Deployment Sequence Overview

  1. Initiate Deployment

    • The user invokes /dms/node/deployment/new on a DMS node (orchestrator host).
    • The orchestrator actor is created and assigned a unique ensemble ID.
    • The user can monitor progress and manage the ensemble using this ID.
  2. Request Bids

    • The orchestrator broadcasts /dms/deployment/request on the /nunet/deployment topic.
    • Provider nodes respond with bids if they match resource and capability requirements.
  3. Collect and Evaluate Bids

    • The orchestrator gathers bids within a timeout window.
    • If bids are incomplete, it rebroadcasts until all nodes have valid bids or the process times out.
  4. Constraint Evaluation

    • The orchestrator generates peer-to-node assignments and evaluates constraints (e.g., latency, bandwidth).
    • Invalid configurations are discarded.
  5. Commit Phase

    • Once a valid configuration is found, the orchestrator sends /dms/deployment/commit messages.
    • If any node fails to commit, the process reverts using /dms/deployment/revert.
  6. Provisioning

    • Allocations are provisioned via /dms/deployment/allocate.
    • VPN connections are established, IPs assigned, and workloads started.
  7. Supervision

    • Once active, the deployment is monitored continuously until shutdown or expiration.

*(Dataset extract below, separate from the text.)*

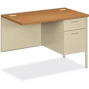 Part of the HON Metro Classic Series, this right return is a practical and professional desk solution that is ideal for business and government offices and attaches to the single-pedestal desk in the same series. Durable, high-performance construction stands up to rigorous daily use. Design also features a box/file pedestal. High-sided file drawers accept hanging files without hangrails. 3/4-extension box drawers have one divider and spring-loaded, follower blocks. "Tru-fit" mitered drawer fronts offer better visual alignment. Reinforced, double "O" frame inner structure keeps desk solid and sturdy for years of use. Keyed-alike cores must be ordered separately. Color of pulls and grommets matches paint selection. All interior drawer bodies are made of painted steel.

In the future, users will be able to set deployment durations and enable features like auto-scaling and dynamic modification of running ensembles.

Ensemble Supervision

Once deployed, ensembles enter the supervision phase, where they are continuously monitored for:

  • Health status
  • Failures and restarts
  • Resource metrics

(Detailed documentation coming soon.)

Deploying in the NuNet Network

Understanding the authorization flow helps ensure secure and efficient deployments.

Actors in the System

SymbolDescription
UThe user initiating the deployment
OThe orchestrator (runs inside a DMS instance)
NₒNode hosting the orchestrator
PᵢSet of provider nodes available for deployment
NₚᵢⱼIndividual DMS nodes owned by providers
AᵢAllocation actors for running workloads

Each actor has:

  • DID(x) — Decentralized Identifier
  • ID(x) — Ephemeral or persistent actor ID
  • Peer(x) — Peer ID
  • Root(x) — Root anchor of trust

Behaviors and Capabilities

To enable deployment, specific behaviors and capabilities must be authorized between actors.

Behavior Namespaces

InteractionNamespace
User → Orchestrator Node/dms/node/deployment
Orchestrator → Providers (broadcast)/dms/deployment/request via /nunet/deployment
Orchestrator → Providers (pinned nodes)/dms/deployment/request (unicast)
Provider → Orchestrator/dms/deployment/bid
Orchestrator → Providers (control)/dms/deployment
Orchestrator → Allocations/dms/allocation (dynamic)
Orchestrator → Ensemble Nodes/dms/ensemble/<ensemble-id> (dynamic)

Capability Requirements

ActorRequired CapabilityTarget
User/dms/node/deploymentOrchestrator Node
Orchestrator Node/dms/deploymentProvider Nodes
Provider Nodes/dms/deployment/bidOrchestrator

Security and Access Control

NuNet’s decentralized actor model enforces fine-grained security:

  • Orchestrators only run on authorized DMS instances.
  • Bid requests are accepted only by trusted providers.
  • Bids are validated based on user-granted permissions.

This ensures:

  • Tight access control between actors.
  • Secure peer-to-peer deployment.
  • Transparent orchestration across decentralized compute resources.